Judging a Book By Its Cover

10th January 2014



If you can't judge a book by its cover, then you won't be able to tell how good my story is from looking at the images below. But just for curiosity's sake, here's the final cover, back and front, for "Veil of Time."

My editor and I struggled over the back cover blurb till each of us was ready for a divorce (the only time we even came close!), but I think it came out pretty well. My part of the struggle was to keep the hyperbole on the ground, and hers understandably was to fit the book into a marketable niche.  I wouldn't have advertised the fact that my hero, Fergus, is a prince, though he technically is.  It's just that he is not a prince of the white charger stamp. I let it go. Why fight it - we are all in the same game at this point of trying to get as many books out into the world as possible, Scottish princes notwithstanding.
The photograph of yours trully is not the greatest, but that is my fault for not having a good enough one on hand (despite years of fantasizing about having my face on a published novel!)  I have promised myself that for the next book I will shell out proper money for a professional picture.
In retrospect I regret not having mentioned that I also spent four years at Edinburgh University - I was trying to be concise, and I knew Oxford carried more weight, but Edinburgh is my true alma mater (in more than one way, since I was born in that city) and the place I earned my MA (in philosophy.) So let it go on record: I didn't mean to shove it aside.
I do like the fact that the designer repeated the landscape on the back cover. I like to think that if you made an image of me with the right kind of contraption honing in on a specific type of energy wave, you would find Scotland etched on my skin. It's not far beneath the surface. This scene is not of Dunadd and could be of the farthest reaches of Argyll, but it is a bleaker landscape than is typical of my native soil. Dunadd is heavy with bracken and oak forest (at least it was in its original state, and that's the way they're letting it return.)
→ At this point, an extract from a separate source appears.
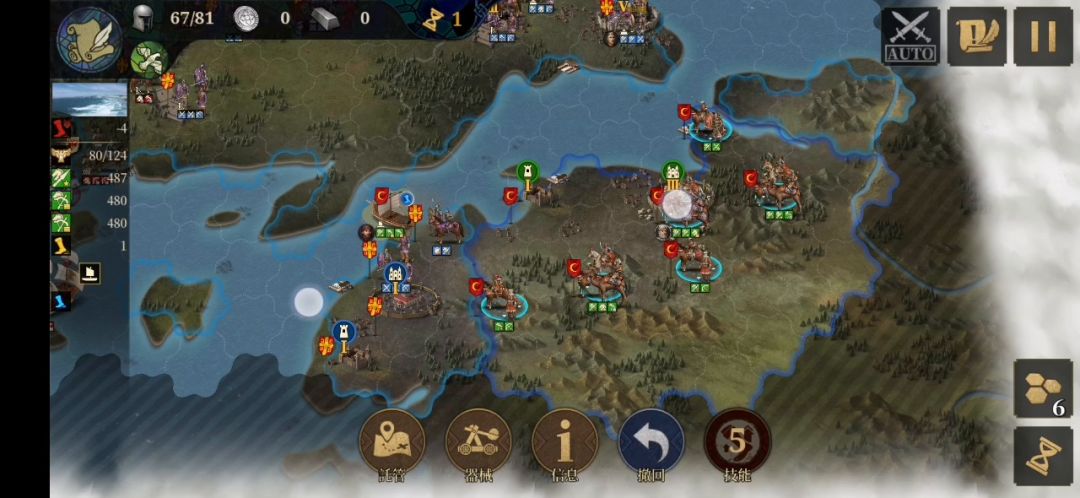 每回合出斥候骑兵,前往各处空城防的黄圈城堡待命,等到当前回合可以一次性拿下红圈城时,所有斥候于当前回合踩下所有黄圈城堡

In other developments, I was sent the "Buy Buttons" to put up on my website (once again I was indebted to a techno-savvy teenager!) Now you can buy my book from a number of booksellers, some of which I hadn't even heard of.  Also, I have been invited to speak at Boston's Writer's Conference, The Muse and The Marketplace in May. It's a big bustling event with 100 faculty and 600 students. Now all I have to do is rip my heart out, squeeze it dry in front of my audience, then replace, still beating, back it in my chest. It might not be as traumatic as that, but this is what comes to mind when I think of the "performance." Being a shy Scottish lass, public speaking is close to harikari on my list of dreads. And yet, and yet. My father was a great public speaker, made his living from it, as a matter of fact. So maybe there is some hidden potential there in my make-up cowering in the dank cave of my insecurity, listening to the hours, days and weeks dripping from here to there like running stalactites. Maybe I will rise to the occasion. Who knows? Things are going to have to change from here on out. Maybe this public life is my new era. Maybe there was a lot more involved in this writing life than I counted on when I set out.